# Sticky  Amazon Kindle Support (all models) & General FAQs



## Betsy the Quilter

Thanks to Linjeakel for this contact page that I cribbed from the Kindle 3 FAQ's. Links on this page apply to all Kindles.

*For reference: Amazon Kindle support pages*

*Amazon US*
http://www.amazon.com/gp/help/customer/display.html/ref=sv_kinc_9?ie=UTF8&nodeId=200127470

*Amazon UK*
http://www.amazon.co.uk/gp/help/customer/display.html/ref=sv_kinh_8?ie=UTF8&nodeId=200487800

*Amazon Germany*
http://www.amazon.de/gp/help/customer/display.html/ref=sv_kinc_7?ie=UTF8&nodeId=200594410

*Amazon Kindle Customer Support contact details*

*Amazon US*
In the US: 1-866-321-8851
International: 1-206-266-0927.
*
Amazon UK*
In the UK: 0800 496 2449
International: +44 203 356 6212

You can also get CS to call you back or email them - click on "Contact Us" on the right hand side of the main support page. If you sign in first, they will have your device info when they call.


----------



## Betsy the Quilter

*How Do I Reset/Clear Furthest Page Read?*

(_What is this? If you're not familiar with it, Amazon lets you synch your books between devices, so that you can stop reading on one device and start on another. However, if you are sharing books or want to re-read, this is annoying. Now you can reset this through your Manage Your Kindle page._

You can now do this from your Manage Your Kindle page on your Amazon account page. Go to Amazon, log in to your account, go to Manage Your Kindle and choose the book you want to reset. (You may have to wait for all of the books in your account to load before you find it.)

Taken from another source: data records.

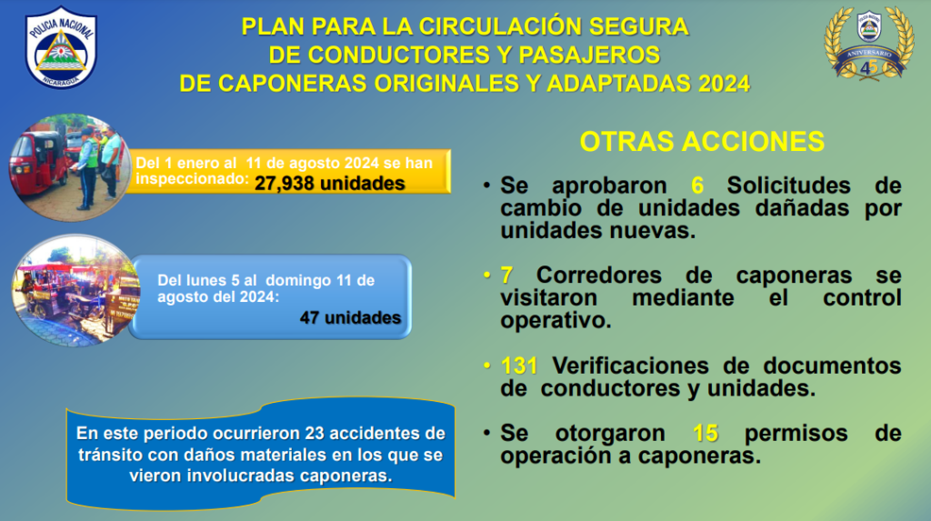 Del 1 de enero al 11 agosto de 2024 se han inspeccionado 27 mil 938 caponeras. En la última semana se han examinaron 47 unidades, así como otras acciones con respecto a los corredores de ese tipo de vehículos de transporte de pasajeros.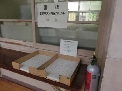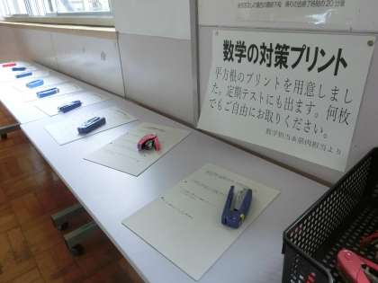 テストに向けての意識づくりのため、昇降口や廊下、階段の踊り場など、生徒が毎日通り、必ず目にする場所に対策プリントが用意されています。持ち帰りは自由で、なくなれば補充されます。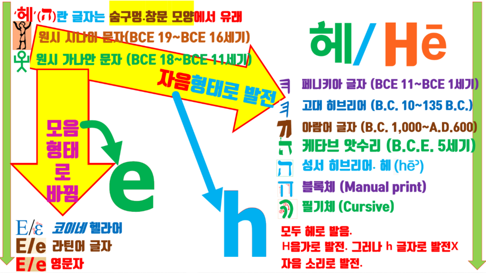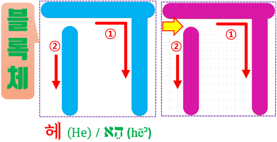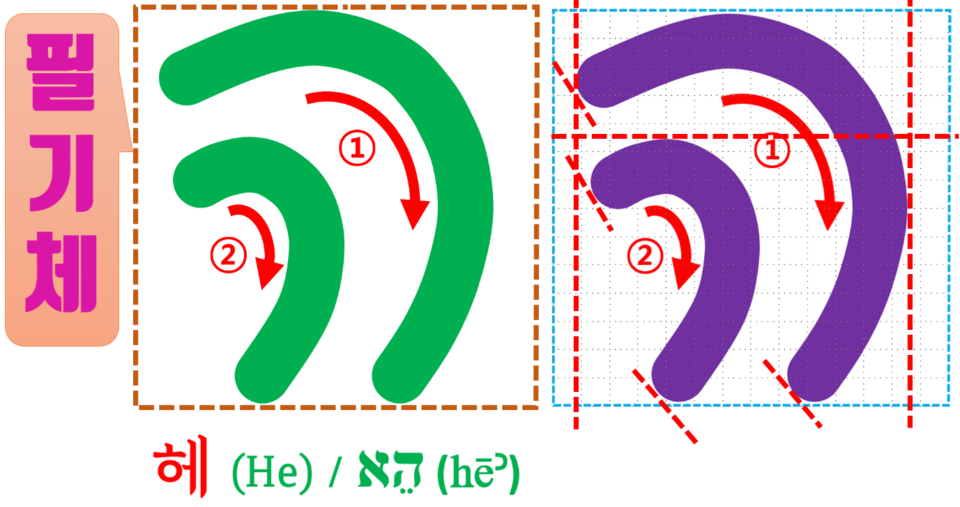 ▶히브리어 헤(ה)란 글자는 페니키아 시대부터 성서 히브리어 사용 시기까지 모두 헤(Hē)라고 읽었다.
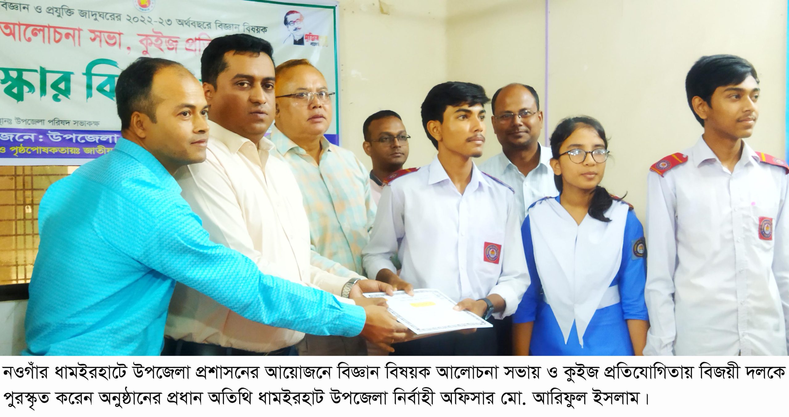 নওগাঁর ধামইরহাটে বিজ্ঞান বিষয়ক আলোচনা সভা, কুইজ প্রতিযোগিতা ও পুরস্কার বিতরণ অনুষ্ঠান অনুষ্ঠিত হয়েছে। ধামইরহাট উপজেলা প্রশাসনের আয়োজনে ২৪ অক্টোবর সকাল ১০ টায় উপজেলা পরিষদ সম্মেলন কক্ষে জাতীয় বিজ্ঞান ও প্রযুক্তি জাদুঘরের তত্বাবধানে ও বিজ্ঞান ও প্রযুক্তি মন্ত্রনালয়ের পৃষ্ঠপোষকতায় আলোচনা সভা ও কুইজ প্রতিযোগিতায় উপজেলার ১২টি মাধ্যমিক বিদ্যালয়ের শিক্ষার্থীরা অংশগ্রহণ করেন।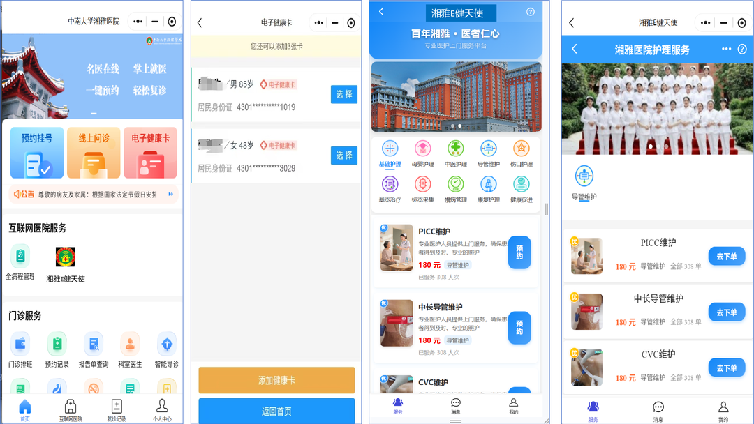 据介绍,患者只需关注中南大学湘雅医院微信公众号,点击“湘雅E健天使”,即可按流程进行预约。上门服务后还有双方评价和随访,以确保服务质量。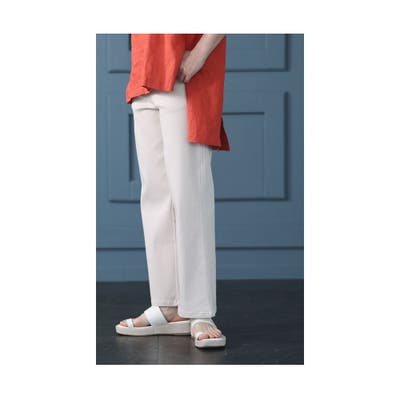 パンツ丈は床につくくらいでした。写真では8センチヒールを合わせています。程よい厚みがあり、脚のラインを拾わず穿けるセミワイドのストレートシルエットです。伸縮性があるのでしゃがんでも楽でした。股上はしっかり深めで安定感がありました。ウエストは総ゴム入り、ファスナーのないプルオンタイプで楽に着脱できました。前後に2つずつポケット付きです。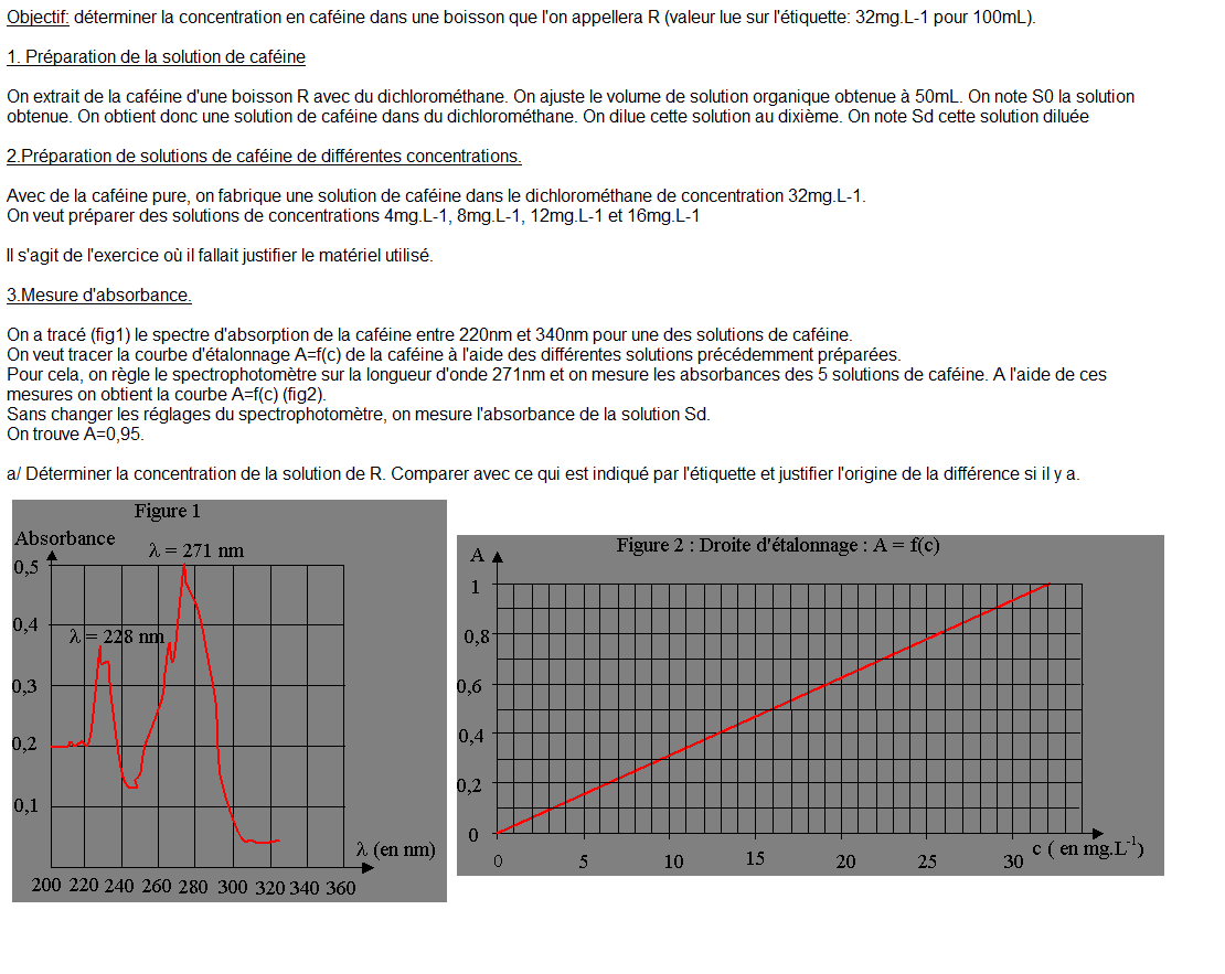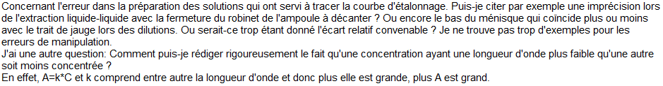 Merci pour l'énoncé. Je me doutais un peu que vous aviez déterminé la concentration massique à l'aide d'une courbe d'étalonnage. Vous avez effectué une détermination graphique de la concentration en caféine. Cette lecture graphique n'est-elle pas entachée d'une erreur de lecture?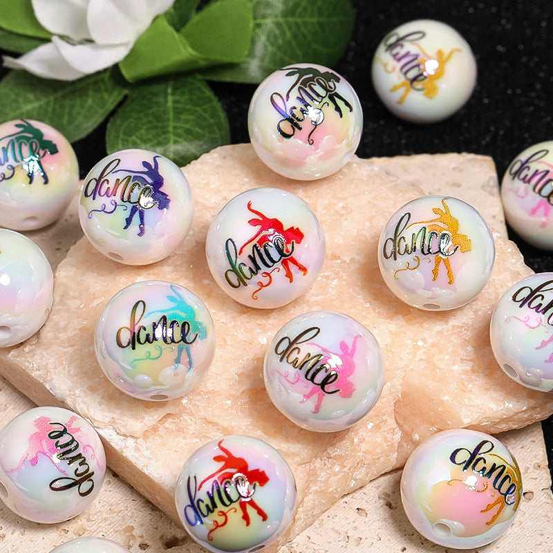 Wholesale 50pcs 20mm Acrylic UV Plated Dancer Printed Beads DIY Round Beads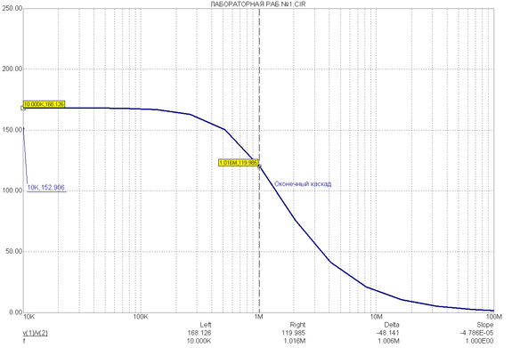 Таким образом, подключение второго каскада уменьшает как усиление в области средних частот, так и полосу пропускания (верхнюю граничную частоту).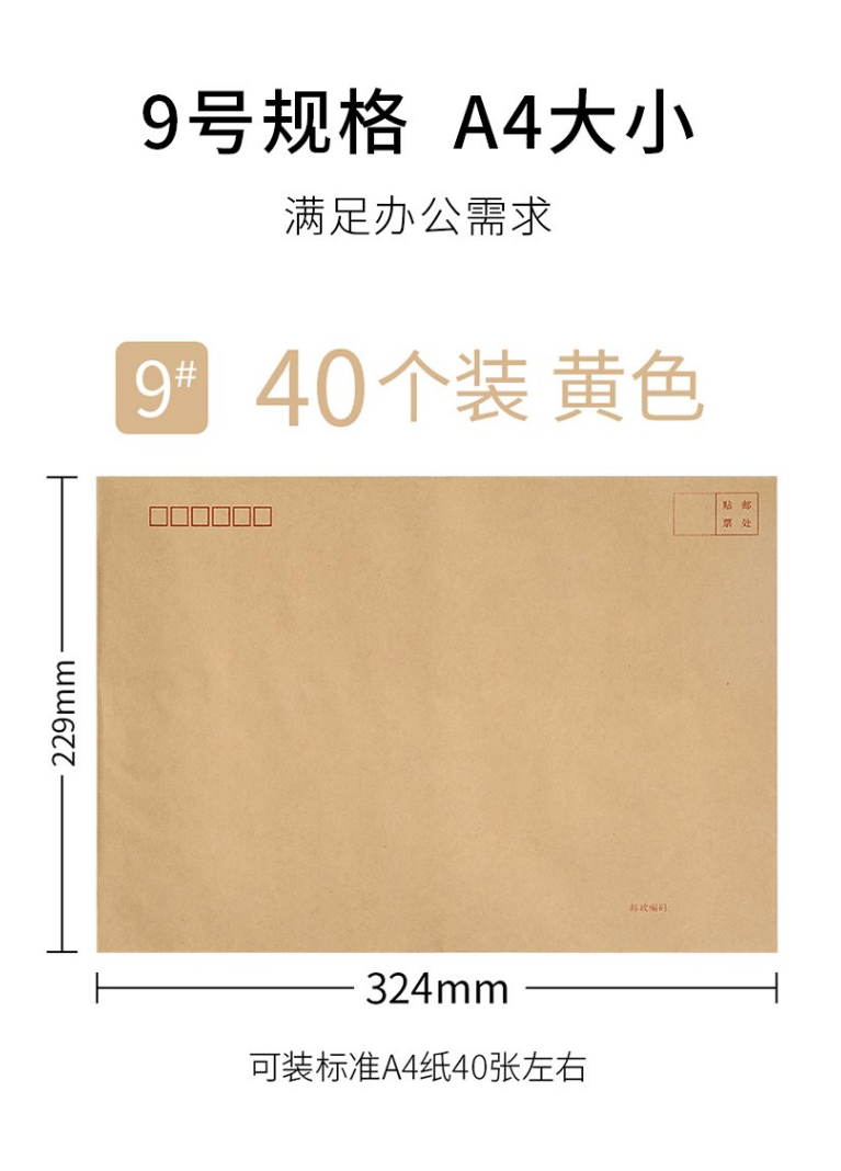 商品名称:得力25201牛皮信封(混)-9号(40个/包)

Look at the drop down menu to the right. One of the options will be "Clear Furthest Page Read." Select that. You'll be asked to confirm the "clear."


----------



## Betsy the Quilter

*How Do I Change My Kindle's Name?*

For all devices, you can do this through your account on Amazon. Go to your account, select Manage Your Kindle, then Manage Your Devices on the left side menu. A list of all Kindles registered to your account will appear. Click on "edit" next to any device name to change that device's name.


----------



## Ann in Arlington

*What's the best way to get MY Documents on my Kindle?*

The easiest way to transfer files to your Kindle from your PC or Mac is using the send to Kindle app which allows you to simply right click on any file and then send it to any one of your devices, giving it the name and author name that you want - you have to put your Amazon account details in the first time.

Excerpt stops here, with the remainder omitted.